In reply the Applicant’s Counsel submitted the issue of first exhausting remedies under the East African Community Customs Management Act, 2004, is not applicable because the action complained of by the Applicant was not taken by the Respondent in compliance with or pursuant to the East African Community Customs Management Act, 2004. The Act does not provide for arbitrary confiscation of an importers cargo.

Section 230 of East African Community Customs Management Act, 2004 as submitted only applies where there has been a decision and the aggrieved party wants to appeal the decision. In this case there was no decision to be appealed against. If there is a decision it has to be made and communicated. No where does the Act provide for arbitrary confiscation of importers cargo. The application is premised on the ground that no reason was given for the confiscation. The Act provides for an appeal to the Tax Appeals Tribunal. The Applicant is not dissatisfied with a decision relating to tax matters. The issue of tax does not arise and there is no way he could have appealed to the Tax Tribunal. Section 19 (1) of the Tax Appeal Tribunal Act is about a taxation decision.

The Applicant wrote to the Commissioner customs but the Commissioner did not advance any reasons for confiscation of the Applicant’s property. Had he done so, the Applicant would have considered the option of appeal. The cases cited by the Respondent’s Counsel do not apply to the Applicant’s case and the preliminary objection ought to be overruled with costs.

In rejoinder the Respondents Counsel submitted that section 214 (1) East African Community Customs Management Act, 2004 provides that where goods are seized or in the case of the officer effecting seizure, he or she shall give reasons therefore within one month. With reference to the affidavit in reply, the Applicant wrote to the Respondent on 12th of May 2014 demanding for the consignment. On 19th May 2014 the Respondent replied giving the reasons for confiscation. The Act provides for 30 days within which the Commissioner should make and communicate his or her decision. 30 days have not yet elapsed and the application is premature and ought to be dismissed with costs.

Ruling

I have carefully considered the Applicants application, the affidavit evidence, the submissions of Counsel and authorities cited.

The question before the court is whether this action can be maintained on the ground that it is premature, the Applicant having failed to utilise and exhaust the procedures provided for under the East African Community Customs Management Act, 2004.

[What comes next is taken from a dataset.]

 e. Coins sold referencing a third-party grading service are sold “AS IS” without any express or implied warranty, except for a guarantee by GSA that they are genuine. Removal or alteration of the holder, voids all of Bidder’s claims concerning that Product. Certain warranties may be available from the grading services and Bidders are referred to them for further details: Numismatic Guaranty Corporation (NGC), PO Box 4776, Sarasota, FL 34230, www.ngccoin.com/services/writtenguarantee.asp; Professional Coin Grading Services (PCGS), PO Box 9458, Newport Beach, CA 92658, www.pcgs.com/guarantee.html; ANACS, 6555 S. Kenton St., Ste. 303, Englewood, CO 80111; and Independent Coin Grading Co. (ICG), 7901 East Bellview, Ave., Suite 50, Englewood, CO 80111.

Before launching into the issue as submitted by Counsel, I must observe that this Miscellaneous Cause was filed under section 98 of the Civil Procedure Act which saves the inherent powers of the court. Section 98 of the Civil Procedure Act provides as follows:

"Nothing in this Act shall be deemed to limit or otherwise affect the inherent power of the court to make such orders as may be necessary for the ends of justice or to prevent abuse of the process of the court."

Section 98 of the Civil Procedure Act does not enable the filing of an original application or suit because it merely saves the inherent powers of court which powers may be exercised under existing civil proceedings to make necessary orders for the ends of justice or to prevent abuse of the process of the court. This is not an application to make any necessary order or to prevent abuse of the process of court in a pre-existing civil proceeding.

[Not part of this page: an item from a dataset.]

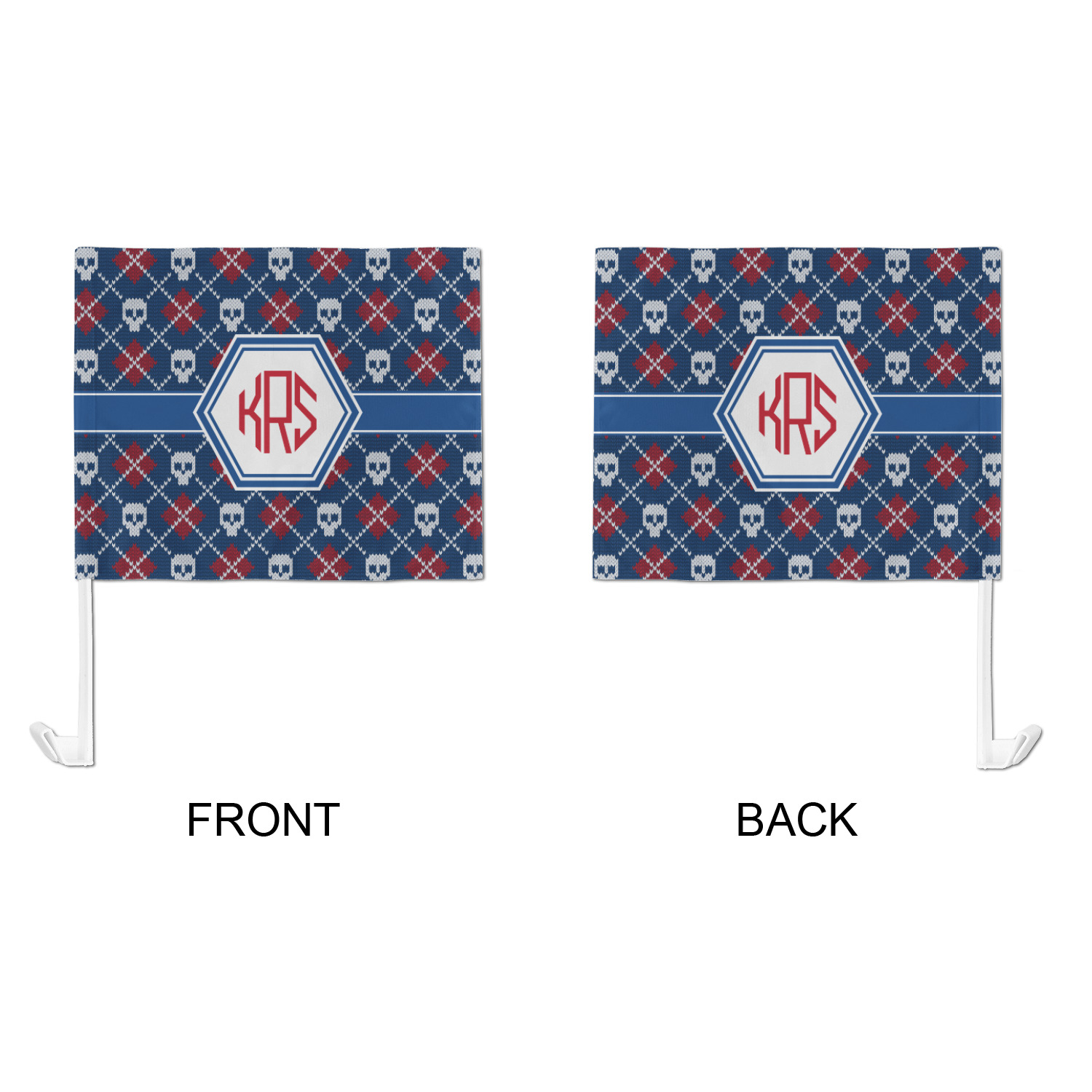 Our personalized flags are made from a durable, yet lightweight cloth that will proudly bear your logo or design of choice, while withstanding the outside elements. We have two size options - 8" x 11" and 11" x 15". Both come with a flag pole which includes a clip that secures the pole to the side window, whether it is rolled up or down. The flags are printed on both sides to display your design from all directions.

The Applicant's application was made by way of Notice of Motion under the provision presumably of Order 52 of the Civil Procedure Rules which prescribes the procedure by notice of motion though it was not cited. The Applicant's application is by definition an originating motion because it purports to commence an action in the High Court when there is nothing pending before the court. It is not an interlocutory application but purports to be an original action commencing proceedings. Ordinarily an originating motions or originating chamber summons is prescribed by statute as the procedure for commencing an action in a court of law. An action can only be commenced in court in a manner prescribed as envisaged under the Civil Procedure Act.

The manner of institution of suits is defined by section 19 of the Civil Procedure Act which provides as follows:

"Every suit shall be instituted in such manner as may be prescribed by rules."

This section is very explicit that every suit shall be commenced in such manner as is prescribed by rules. The Applicant has not indicated which rule prescribes the commencement of an action by notice of motion. Ordinarily Order 52 of the Civil Procedure Rules deals with notices of motion and is often taken to be for purposes of interlocutory applications. In fact Order 4 rules 1 (1) of the Civil Procedure Rules provides that:

"Every suit shall be instituted by presenting a plaint in the court or such officer as it appoints for this purpose."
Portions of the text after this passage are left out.